Usually you get to pick two.


----------



## proskinnertts (Mar 8, 2005)

TimberlandTaxi said:


> Usually you get to pick two.


I couldnt remember if it was one or two


----------



## josh s. (Feb 9, 2008)

Everyone needs to make money, including the taxidermist. I am assuming you would be pi$$ed if they cut your pay because your employer was looking for inexpensive. Take it somewhere and pay the fee for christs sake.


----------



## Bowhuntr64 (Aug 6, 2007)

josh s. said:


> Everyone needs to make money, including the taxidermist. I am assuming you would be pi$$ed if they cut your pay because your employer was looking for inexpensive. Take it somewhere and pay the fee for christs sake.

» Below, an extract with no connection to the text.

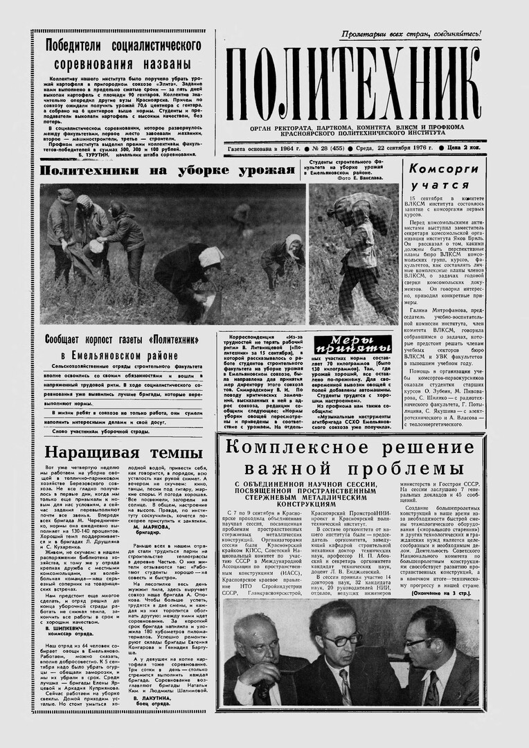 Политехник : газета. 1976 г. № 28 (455) (22 сентября)

LOL...don't we all look for the best deal we can on any investment? I am not trying to be cheap, just wise.


----------



## josh s. (Feb 9, 2008)

well wise is good, but I think that you will find if your wise you will go somewhere where there is good quality.......and.........good quality is in most cases going to cost a little bit more. Good luck with your search though.


----------



## AfterLife (Sep 11, 2007)

a cheap job on a goat could cause you problems in the future

certain things on a goat different and your average joe deer taxi may not know

- scent glands
- horns (not antlers - different and a must)


----------



## South Man (Jul 12, 2008)

Bowhuntr64 said:


> LOL...don't we all look for the best deal we can on any investment? I am not trying to be cheap, just wise.


I agree. Why pay too much when you can shop around and get good quality and save some bucks in the process!


----------